В доме Фёдора Лопухина крик стоял, словно на пожаре. А всё ворон учёный. Утром птица та, живущая у Лопухиных бог знает с какого времени, неожиданно крикнула петухом. Примета, известно, к беде. К птице кинулись толпой, а она в окно вылетела, на сарай села и, глазом кося на снующую по двору челядь, как ни в чём не бывало принялась клюв чистить. Чёрная, страшная, и глаза блестят. Кто-то из бойких хотел было камнем в неё запустить. Не разрешили. Неизвестно, как ещё прикажут. Разошлись потихоньку.

О случае том боярину не сказали. Но он сам дознался. Слуга, от старости умом слабый, принёс в покои ковш квасу и брякнул: так, мол, и так, а ворон наш петухом кричал. Сейчас на сарае сидит и на всех странно смотрит.

Боярин квасом поперхнулся, в исподнем во двор выскочил. А ворон и впрямь на сарае сидит и смотрит глазами круглыми. Боярин к сараю подбежал, крикнул:

— Подь сюда!

На плечико своё указал. А ворон и голову в сторону отвернул, хотя всегда был послушен.

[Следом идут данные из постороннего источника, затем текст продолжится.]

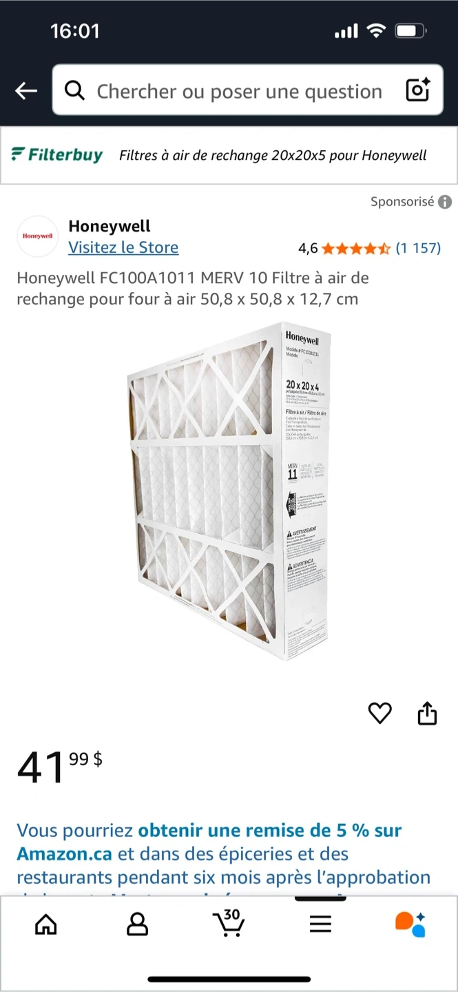 Selling a Honeywell Home air filter, size 20x20x4. It's designed for 20x20x4 air cleaners and has a MERV 11 rating for filtering large and medium particles. The actual size is 19-15/16" x 19-3/4" x 4-3/8".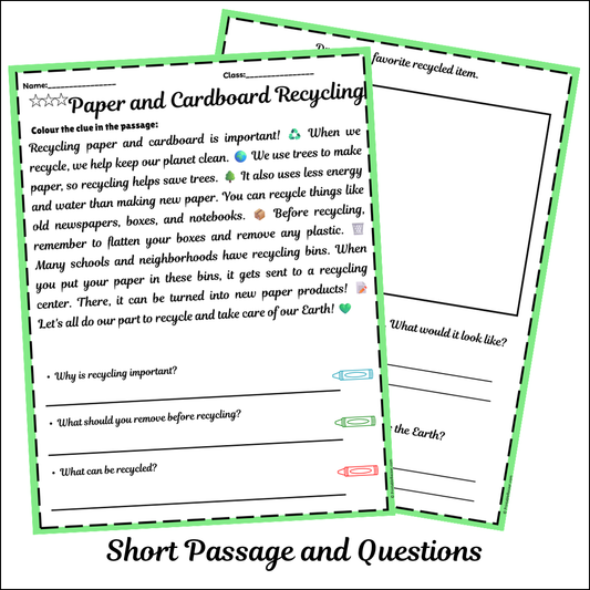 Paper and Cardboard Recycling | Short Reading Comprehension Creative Worksheet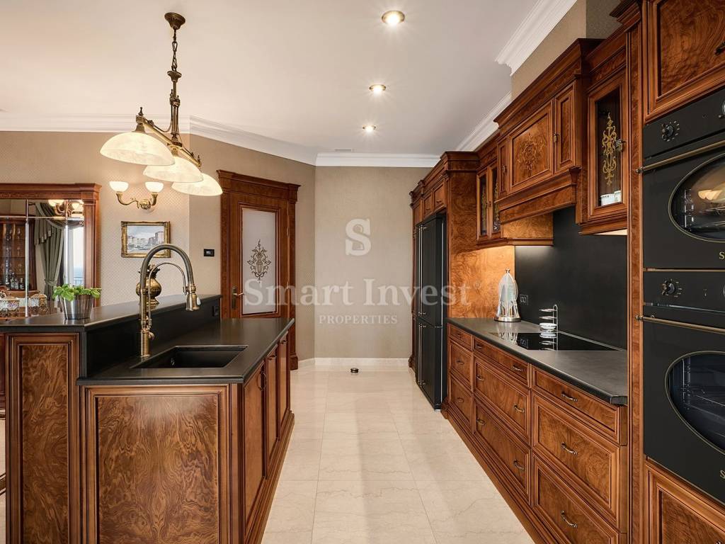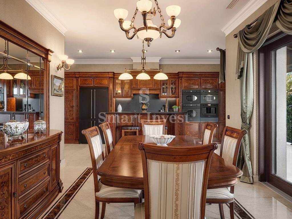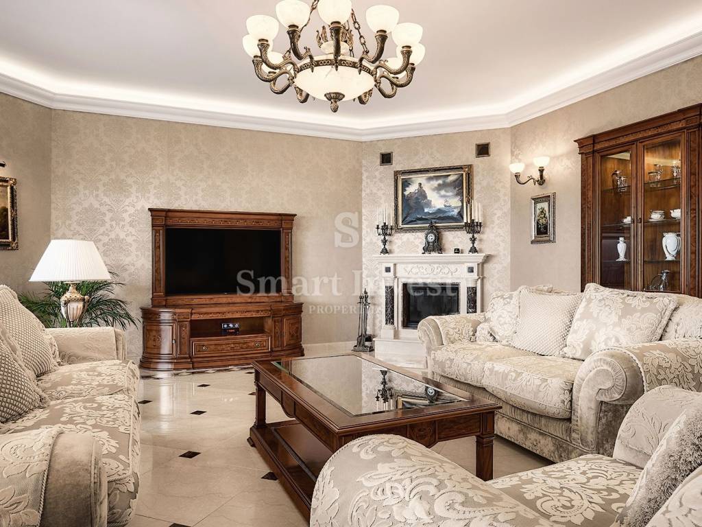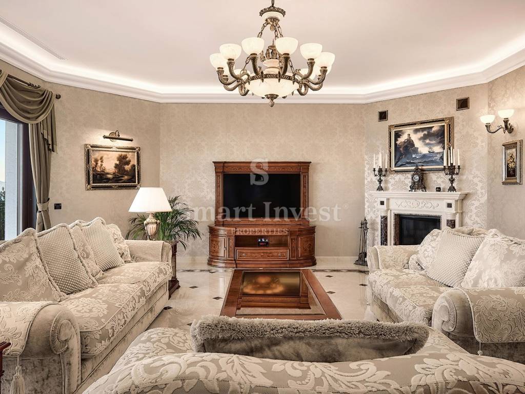Im Inneren empfängt Sie eine luxuriöse, hochwertige Ausstattung und edle Möbel. Die Böden der Villa bestehen aus edlem italienischem Botticino Classico-Marmor, kombiniert mit Emperador Dark, und schaffen so eine elegante Atmosphäre. Das Wohnzimmer verfügt über einen Kamin aus demselben Marmor, der dem Raum Raffinesse und Behaglichkeit verleiht. Die Schlafzimmer sind mit Parkett aus afrikanischer Eiche des deutschen Herstellers HARO ausgelegt, das sich durch seine Langlebigkeit und ausdrucksstarke Maserung auszeichnet. Die Badezimmer sind mit Sanitärkeramik von Olympia Ceramica (Italien) ausgestattet, die den Gesamtstil des Hauses unterstreicht. Die Wände sind mit der Velatura-Technik des Herstellers San Marco (Italien) gestaltet, die Tapeten stammen von Portofino (Italien) und die Keramikfliesen von Piemme Valentino (Italien), was dem Interieur ein exklusives Aussehen verleiht. Türen und Möbel wurden vom spanischen Hersteller Muebles Cercos gefertigt, und die Küche ist mit hochwertigen Smeg-Haushaltsgeräten ausgestattet.

Боярин разгневался пуще прежнего, людей разогнал и, не надев штанов, пошёл по дому. И в конюшне побывал, и в кухню чёрную зашёл, и в верхние светёлки поднялся, где под чердаком ютились старухи приживалки. И везде с боем, с криком. Может, пожара испугался, или другая какая мысль у него была. Вслух не сказывал.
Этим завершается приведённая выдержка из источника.